Stephen: No, I think that’s right, and so to me one of the interesting issues that came up with the Mike Flynn episode is that folks who thought Mike Flynn was violating the Logan Act, pointed specifically to statements he made, conversations he had, communications he was involved in during the presidential transition, that is, while President Obama was still in office. But after the election, after it was clear that then President-elect Trump was going to become president. And so, you know, Jeff, there’s an interesting question about what should happen in that period? The Constitution has long sort of been understood to create this lame-duck president. And the incoming president, this is where I think that the statute may itself have a carve-out. So the statute is, as we said a few minutes ago, only makes it a crime if the citizen in question is acting “without authority of the United States.” Well, you know, I think there’s an interesting question, about whether a president-elect who is not president yet, but who is going to be the president soon, who’s going to be the, you know, leader of the government, the principal articulator of our foreign-policy soon, is really acting without authority of the United States. Congress has actually taken a number of steps, in the last 10 or 15 years, to give transition teams more formal authority, to give them more power to do things like fill vacancies, set up offices, you know, start sort of building infrastructure, so they can walk in on January 20th and not have to start from scratch. I actually think it’s not nearly as clear, even if the Logan Act were viable, in general, that it would be available to prosecute members of transition team, when it’s just a matter of time before those same individuals are going to be in a position to, you know, conduct this foreign policy, directly and overtly.
Jeff: Has there ever been historically any attempt on the part of Congress, between the time the Logan Act was written and now, to really relook at it and address it in contemporaneous terms?
Stephen: So in a word, no. Congress, for better or worse, has actually generally left all of these interesting but largely antiquated statutes enacted during the sort of late Federalist period on the books. So we have the Logan Act. We have a statute called the Alien Enemy Act, which allows for pretty harsh measures against citizens of countries with which the United States is at war. We have statutes like the Neutrality Act, which was passed around the same period, to prevent Americans from, you know, sort of helping to bring the US into a war. You know, these statutes really haven’t been modified or amended since they were passed in the late 1790s. And so, it raises this really interesting question of, “Why?” If Congress really thinks this is a problem, obviously Congress can revisit these statues. Congress can amend them. Congress can repeal them. In the context of the Logan Act specifically, I think Congress doesn’t think that it’s a problem, frankly because it’s never been used. And because there’s no real sense that there is a missing opportunity, and that there’s sort of all these bad things that can’t be punished because of the Logan Act, for lack of a better word, desuetude, the fact that it falls into such dormancy. Maybe I’m wrong, maybe Congress actually has really good ideas about how they want to fix this and just haven’t got around to it yet, but one would think that, you know, somewhere along the way in the last 218 years, if this really was something worth fixing, Congress would’ve sat down and tried to do it.

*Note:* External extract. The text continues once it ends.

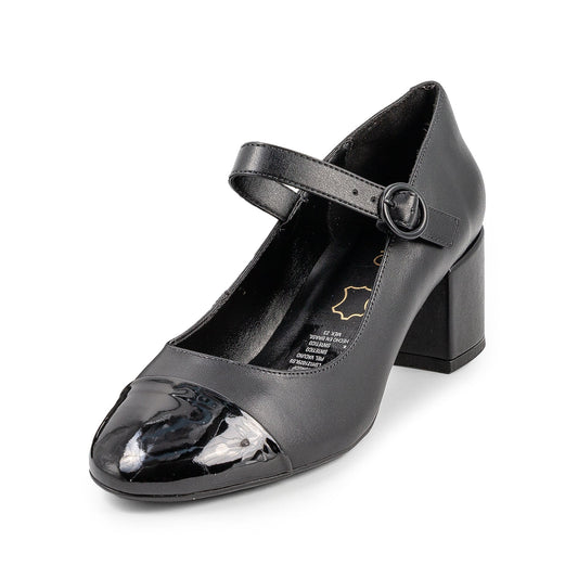 Estilo clásico con brillo moderno- El modelo Mary Jane se renueva con una puntera acharolada...

Jeff: You mentioned the economic aspect of this, and really that goes to another issue, in fact one that’s also involved Flynn, which is the idea of the Foreign Agent Registration Act as kind of another way to monitor this kind of activity. Talk a little about that.

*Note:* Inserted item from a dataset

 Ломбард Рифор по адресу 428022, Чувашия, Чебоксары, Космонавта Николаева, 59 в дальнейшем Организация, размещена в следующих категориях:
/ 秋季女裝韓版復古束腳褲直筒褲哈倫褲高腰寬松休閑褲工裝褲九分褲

Stephen: Yeah, I mean, so the Foreign Agent Registration Act is actually, I think, very quietly the real story here. The Foreign Agent Registration Act is nowhere near as well-known as the Logan Act which is interesting because in some regard it’s a much bigger deal. And the Foreign Agent Registration Act basically dates to just before World War II. I think it was first enacted in 1938, and the basic idea behind it is, it’s not a substantive bar on anything, rather it’s a procedural statute that requires any individual who is representing the interests of foreign powers in a political, or even quasi-political capacity, to disclose their relationship with that foreign power to the relevant federal agency. I think today that it’s almost always the Justice Department, and basically to let the government know, let the US government know what they are in the United States to do, and how much they’re getting paid. Right, so the idea behind the Foreign Agent Registration Act is that the US government has a right to know when those, who are seeking to influence the shape and development of US policy, or indeed those who are seeking employment within the higher levels of the US government, are in fact being paid to do that by a foreign power. Now, I said it’s a procedural statute. All it requires is compliance with those reporting rules. And failure to comply with those rules is where you get into trouble. But you mentioned Mike Flynn, we actually know that Flynn had failed to comply with the Foreign Agent Registration Act, not with regards to Russia, but with regard to Turkey, that he had actually received, he and his consulting firm had received fairly substantial payments from the Turkish government. The concern I think that arises here is that Flynn is not alone. Right? Are there other members of the Trump campaign team, of now the Trump administration, that have not properly disclosed their relationships with foreign agents, with foreign powers that are triggered by the statute? So I actually think that at the end the day, if there is a criminal statute, that is most likely to be an issue when we think about all of the money, and influence, and concerns about the role of foreign governments in the election and afterwards – it’s the Foreign Agent Registration Act, not the Logan Act, that’s going to be the story.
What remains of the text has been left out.